Preferences are currently hard-coded. Some preferences that you might be interested in are:

- **Download format**: In `download.py`, change `Downloader.options['format']`. Format should be legal `youtube-dl` format selection grammar (see https://github.com/rg3/youtube-dl#format-selection). Default is `'worst'`, standing for "worst quality (roughly 480P in the case of Youku)".
- **No. of download processes**: In `multi_queue.py`, change `MultitaskQueue.MAX_PROC`. Default is `4`.
- **Download path**: In `download.py`, find `Downloader.start_download` method, change `cur_option['outtmpl']`. Path should be legal `youtube-dl` output template grammar (see https://github.com/rg3/youtube-dl#output-template). Default is `'video/' + str(dic['id']) + '/' + str(dic['id']) + r'.%(ext)s'`, which will save the video to `video//...`.

## Output format

Film info are written into three files:

- `_movies_no_video_.json`, containing JSON objects of videos **without** a video link.
- `_movies_video_.json`, containing JSON objects of videos **with** a video link.
- `domains.txt`, all of the domains in video links. (Only for M1905)

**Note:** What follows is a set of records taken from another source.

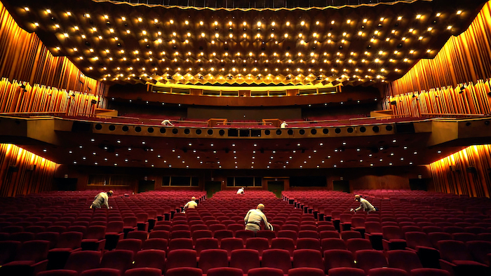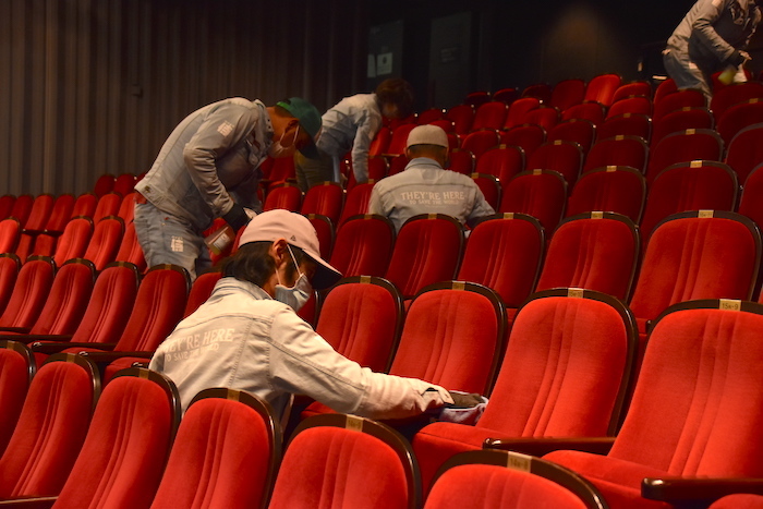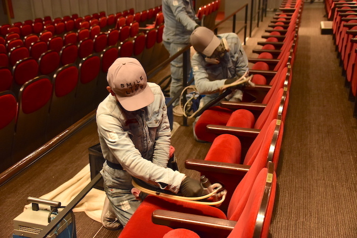 実際にシアタークリエの客席内の除菌作業を見学させてもらった。ウイルス侍を座席にスプレー噴射していく。縦に横にとまんべんなく、1座席あたりおよそ3分(シアタークリエ600席、帝国劇場1800席と考えると、ものすごい労力をかけている)。また、手すりの部分については、ウイルス侍を染み込ませた布で手塗りしていた。てっきり座席が湿っぽくなったり、化学的な匂いが気になったりするのかと思いきや、その心配は無用。目には見えないのだけれど、少しでも感染リスクを減らして、安心安全な観劇ができるのはありがたいと思った。
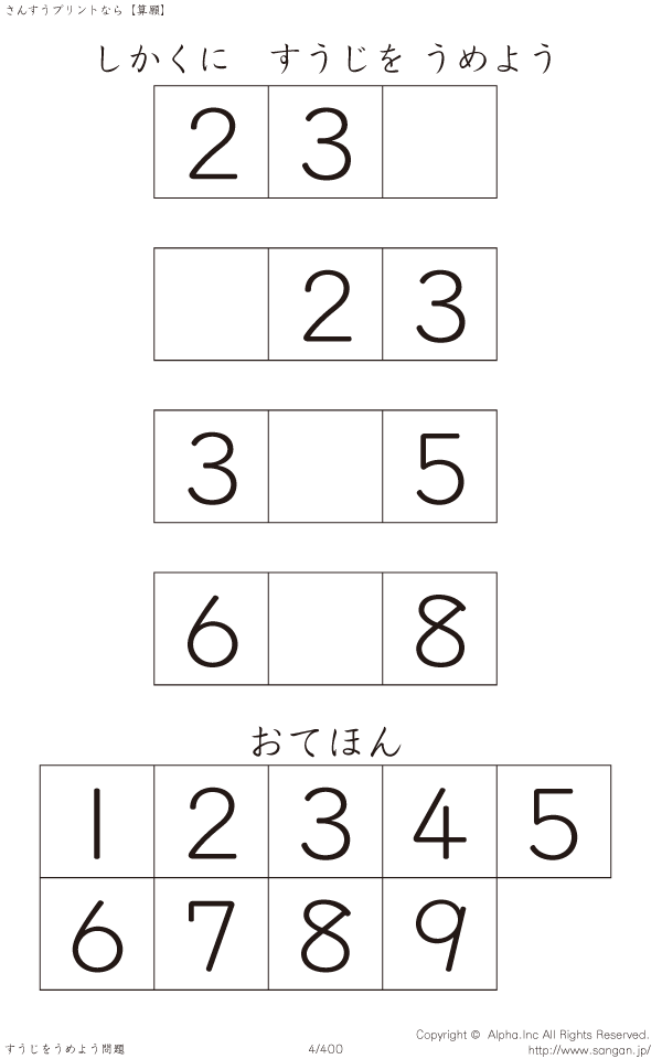 上記のボタンから「しかくにすうじをうめよう」の算数数学ドリル・計算ドリル(PDFプリント)がダウンロードできます。個人利用は無料です(家庭以外での配布は有料です)。
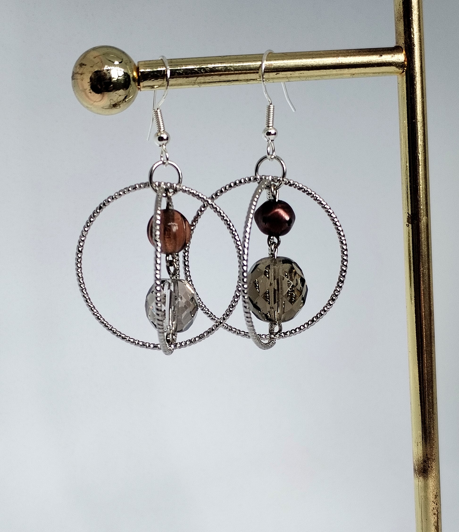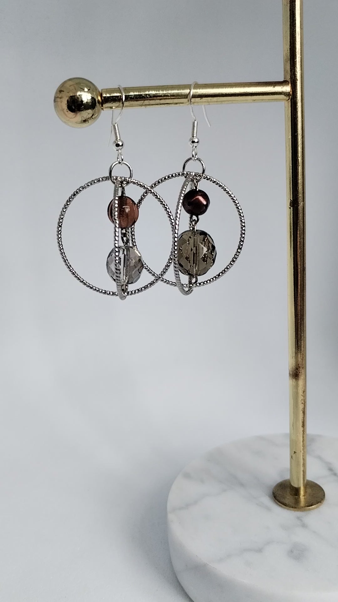 Beautiful reworked earrings made using silver toned circles from a broken vintage necklace with neutral beaded drops from another piece of vintage jewellery. ✨ Completely unique & one of a kind! ✨
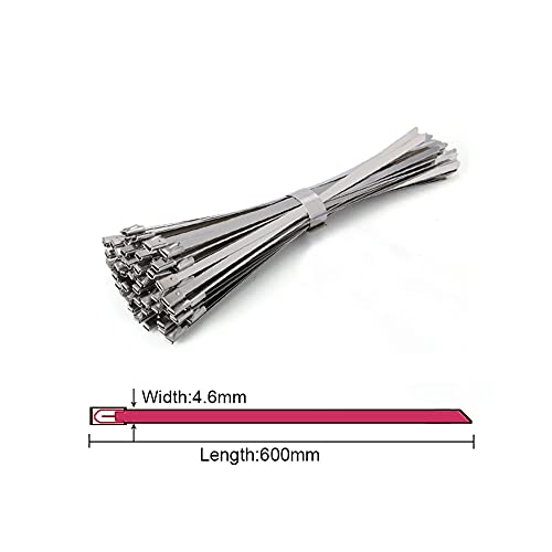 DSFHKUYB Fascette per Cavi in Acciaio Inossidabile Premium da 100 Pezzi 600 mm, Fascette per Cavi in Acciaio Inossidabile SS304, Fascette per Cavi in Metallo,4.6x600mm
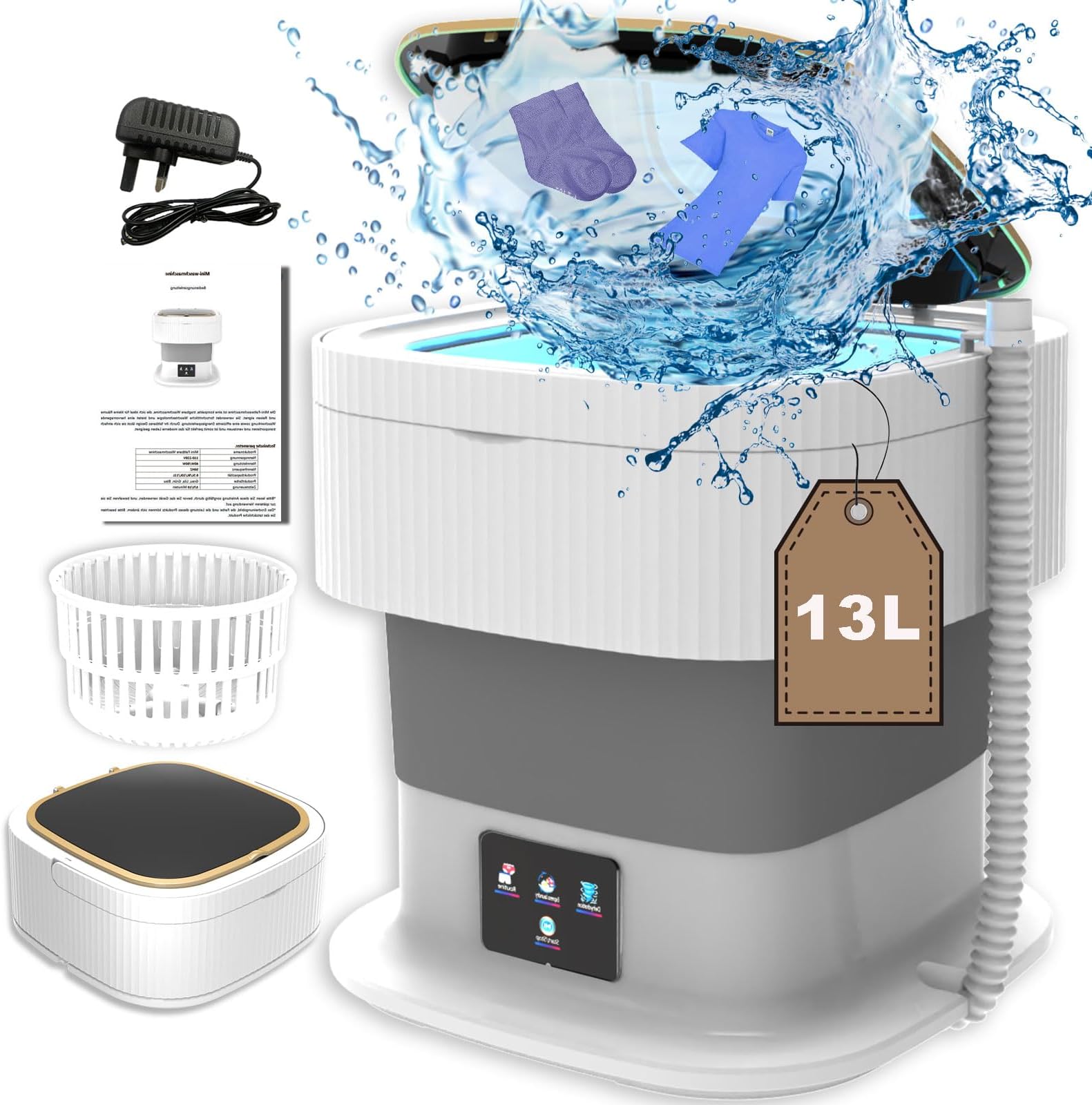 Boah, diese Mini-Waschmaschine ist ja mal total praktisch! Mit 11 Litern Fassungsvermögen wäscht sie perfekt kleine Sachen wie Unterwäsche, Socken, Handtücher oder Babykleidung. Bis zu sechs Socken auf einmal - ideal für Singles, Studenten oder Reisende! Das coole Feature: Sie kann waschen UND schleudern! Einfach den Korb rausnehmen oder reinmachen. Drei Programme stehen zur Auswahl: 10 Minuten Standard, 5 Minuten Schnellwäsche oder 2 Minuten Schleudern. Und das bei nur 45 dB - super leise also! Noch besser: Sie lässt sich zusammenklappen auf nur 29,5 x 29,5 x 14 cm - kaum größer als ein Schuhkarton! Mit nur 1,8 kg Gewicht und Tragegriff perfekt für Camping, Wohnheim oder Reisen. Aus hochwertigem ABS und TRP - rostfrei und langlebig. Energiesparend obendrein! Praktische Details: Transparenter Deckel zum Reingucken, vier Saugnäpfe für sicheren Stand, Ablaufschlauch zum Aufhängen und sogar drei faltbare Bügel inklusive! Die Blaulicht-Funktion sorgt für extra Hygiene. Einfach genial für alle, die nicht immer die große Maschine anwerfen wollen!
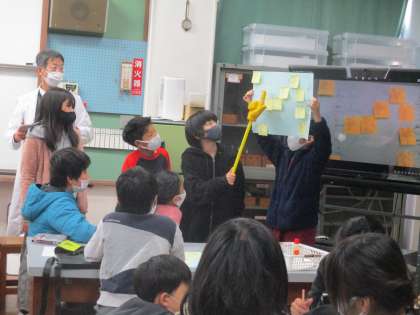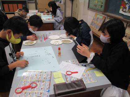校長先生による特別授業「チリメンモンスターを分類しよう」がありました。班ごとに探す,調べる,分類するを分担して進めました。最後は,前に出てまとめを発表しました。チリメンモンスターを探す活動から,中学校で習う「脊椎動物」「軟体動物」などの言葉も知ることができました。
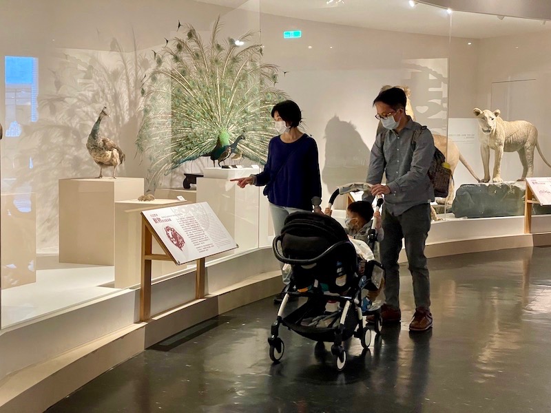 然而筆者發現,許多親子觀眾受動物標本吸引駐足討論,但當踏入同婚展區,多數家長會忽略孩子提問快速離開。如何在展場中引導觀眾進行更多思考?「從自然界的多元性別到人類的LGBT」主題導覽[註1]便利用婚姻展與常設展動物標本,講解自然界同性性行為和性別變換案例,過程中不時有觀眾加入聆聽、伴隨導覽互動,成為更加瞭解LGBT議題的契機。
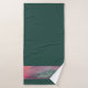 Eine ruhige Gebirgslandschaft mit rosa Himmel. Schöne Grüntöne und lila Bergketten zieren die Seite. Stationery- und Wohngestaltung-Objekte umarmen ihr Design.
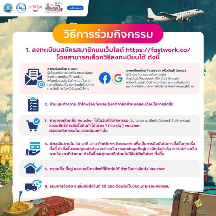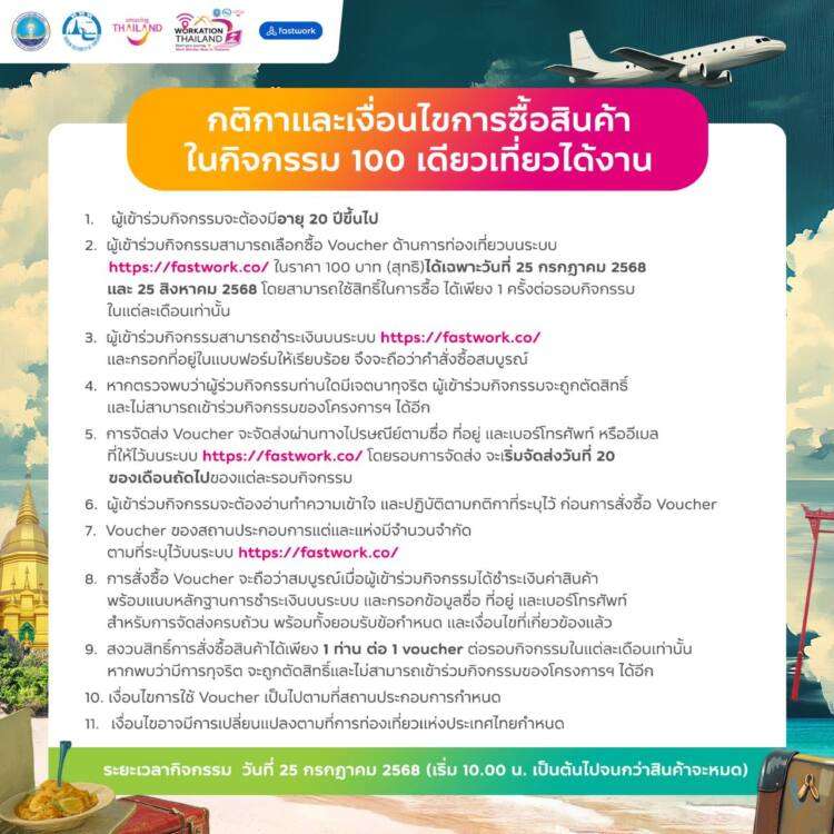 สำหรับกิจกรรม “100 เดียวเที่ยวได้งาน” ถือเป็นกลไกการตลาดสำคัญ ที่เชื่อมโยงแนวคิด Workation เข้ากับไลฟ์สไตล์ของคนทำงานรุ่นใหม่ที่ต้องการความยืดหยุ่นและสมดุลระหว่างชีวิตกับการทำงาน ผ่านการเลือกโลเคชั่นใหม่ ๆ ที่ช่วยเติมเต็มทั้งพลังใจและแรงบันดาลใจ โดยจะเปิดให้ให้นักท่องเที่ยวเข้าร่วมกิจกรรม ได้ทั้งหมด 2 รอบ ในวันที่ 25 กรกฎาคม 2568 และ วันที่ 25 สิงหาคม 2568 ผ่านทางเว็บไซต์ www.fastwork.co โดยเสนอสินค้าจากหลากหลายผู้ประกอบการ อาทิเช่น โรงแรมศรีพันวา ภูเก็ต, ไฮแอท รีเจนซี่ หัวหิน, เดอะซายน์ พัทยา, ดุสิตธานี ลากูนา, วานา นาวา วอเตอร์ จังเกิ้ล และ โอเอซิสสปา เป็นต้น ทั้งนี้ยังมี บัตรกำนัล (Voucher) สินค้าและบริการด้านการท่องเที่ยวจากสถานประกอบการชั้นนำที่เข้าร่วมกิจกรรมอีกมากมายให้นักท่องเที่ยวได้เลือก
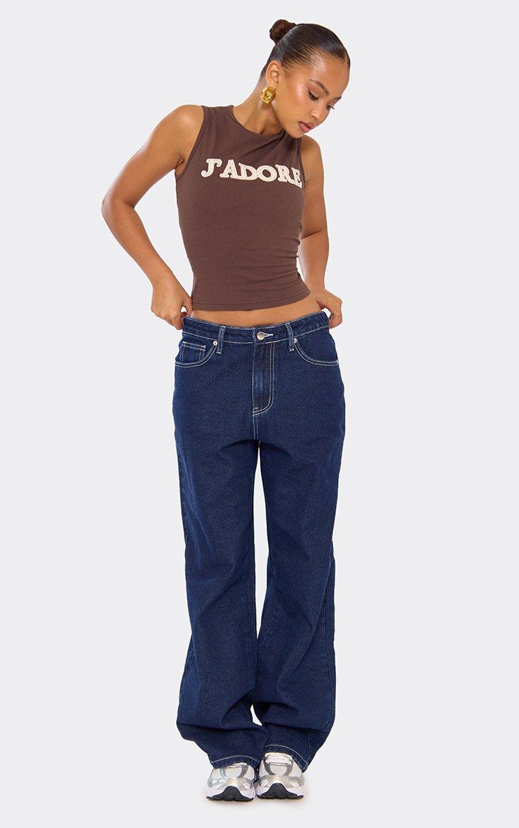 Long Sleeve Contrast Detail Curved Hem Football Top In Chocolate Brown
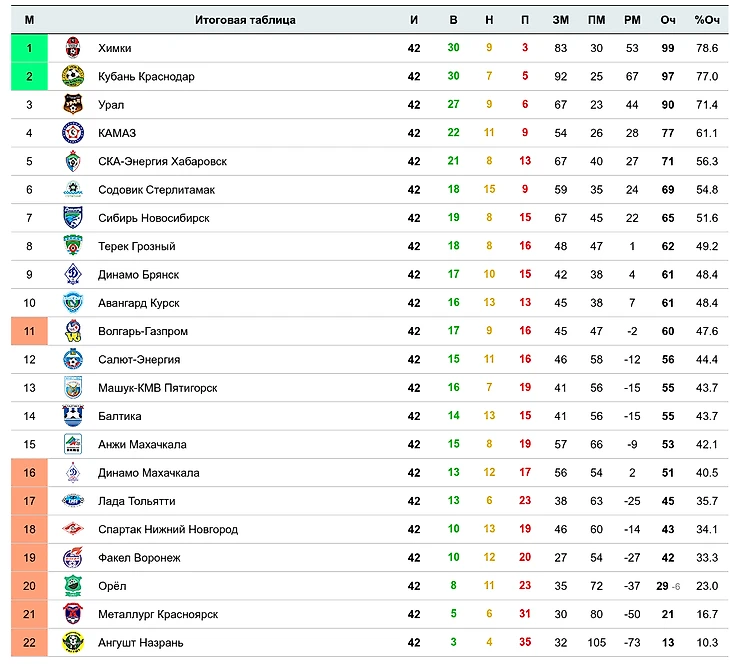 Вообще сезон получился довольно трэшовый, клуб то лидировал в таблице, то опускался на 14 место. Но в 38 туре команда взобралась на 6 строчку таблицы и больше её не упускала.
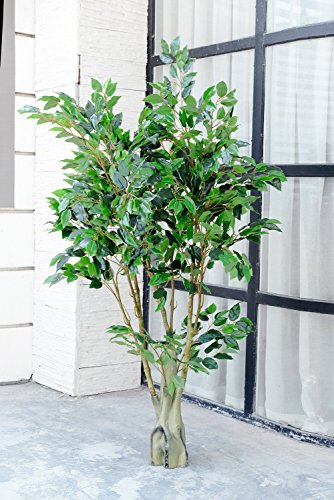 Artificial Ficus Tree with Large Silk Green Leaves Indoor Ourdoor Plant, 5.30-Feet Green, With No Pot(818#)
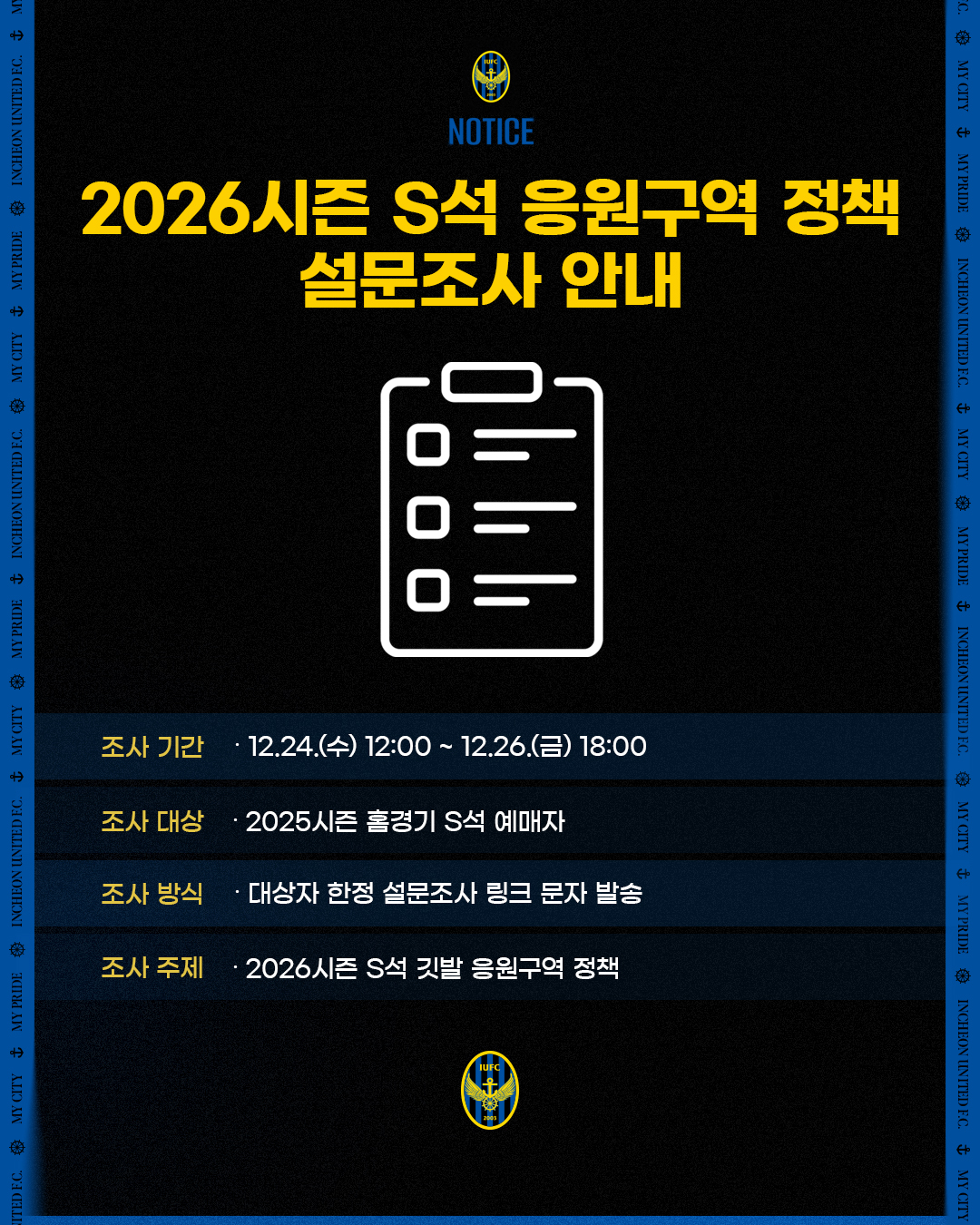 2026시즌 S석 응원구역 정책 설문조사 안내
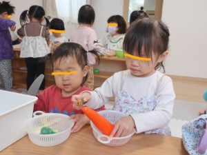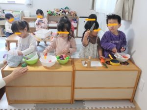 今日はももぐみ・すずらんぐみ・ちゅうりっぷぐみさんは室内でおままごとやクリスマス製作などを楽しみました(*^-^*)おままごとでは色々な食材を使い、ごちそうを沢山作ってくれましたよ🎵
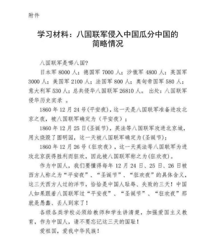 这两天,好友圈和微信群被“圣诞节八国联军侵华”的图片刷屏。太多人转发,吓我一跳。 *****
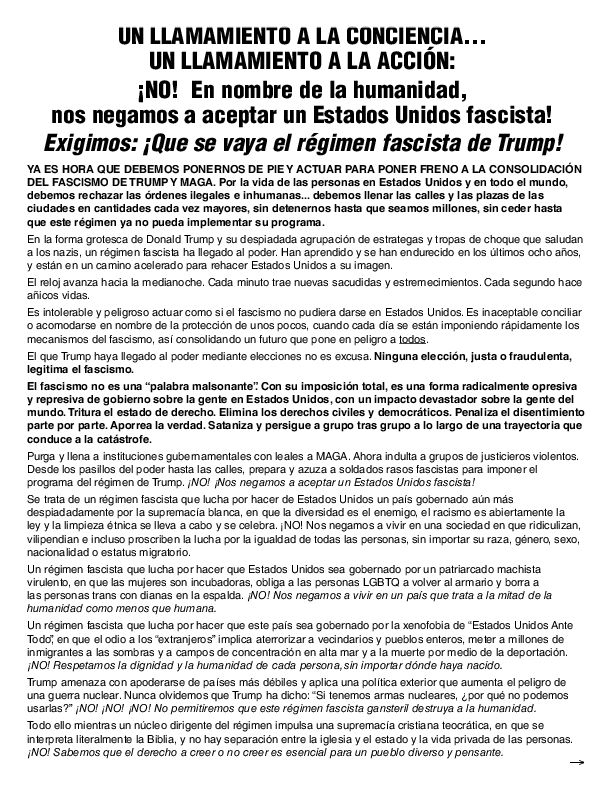CALL TO CONSCIENCE . . . A CALL TO ACT: NOW IS THE TIME WHEN WE MUST RISE UP AND ACT TO STOP THE CONSOLIDATION OF TRUMP/MAGA FASCISM (Spanish 2-sided)
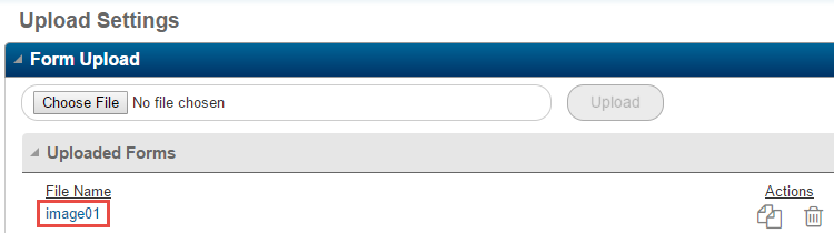 When the file has been successfully uploaded, the file name will appear in the File Name list on the Uploaded Forms card.
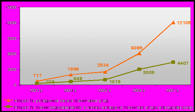 Позитивна тенденція розвитку ринку лізингу знаходить свій прояв у рості кількості укладених лізингових угод (діаграма 7). У 2007 році було укладено 12 105 угоди, що на 98% більше, ніж у 2006 році (6089 угод).
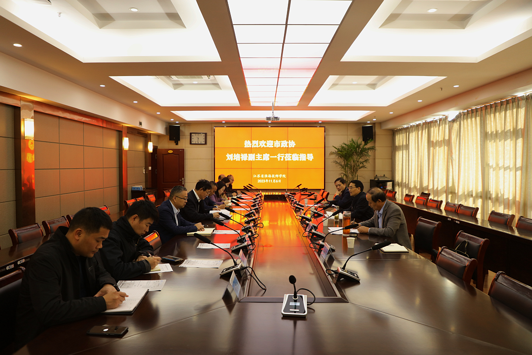11月6日上午,市政协副主席刘培禄一行到我院就“推动职业教育更好服务地方产业发展”进行调研座谈。学院党委书记、院长李军带领领导班子及相关部门负责人陪同调研。

For the **M1905 spider**, JSON objects contain the following keys:

- `id`, parse counter as ID, corresponding to video filename.
- `link`, link to page on M1905.
- `title`, title of film.
- `titleEng`, English title of film (if available).
- `actors`, list of names of actors.
- `director`, list of names of directors.
- `boxOffice`, box office in CNY (if available).
- `genre`, list of genres (if available).
- `date`, release date in the format of "年月日" (YMD) (if available).
- `awards`, number of awards received (if available).
- `tags`, list of user-provided tags.
- `imageURL`, link to cover image.
- `videoURL`, link to video (if available).

(If a list contains only one element, the list is flattened to a single element)

For the **Youku spider**, JSON objects contain the following keys:

- `id`, parse counter as ID, corresponding to video filename.
- `link`, link to page on Youku.
- `title`, title of film.
- `otherTitle`, aliases of the film (English names, etc.) (if available).
- `actors`, list of names of actors.
- `director`, list of names of directors.
- `genre`, list of genres (if available).
- `date`, release date in the format of "年月日" (YMD) (if available).
- `length`, length of the film in minutes.
- `description`, description of the film (if available).
- `region`, the region where the film was made (if available).
- `rating`, rating given by Youku users. Note that Youku pages also contain Douban ratings, but that information is not crawled by spider.
- `playCount`, number of times the film is played on Youku.
- `likeCount`, number of times the film is liked by Youku users.
- `commentCount`, number of comments of the film on Youku.
- `imageURL`, link to cover image.
- `videoURL`, link to video (if available).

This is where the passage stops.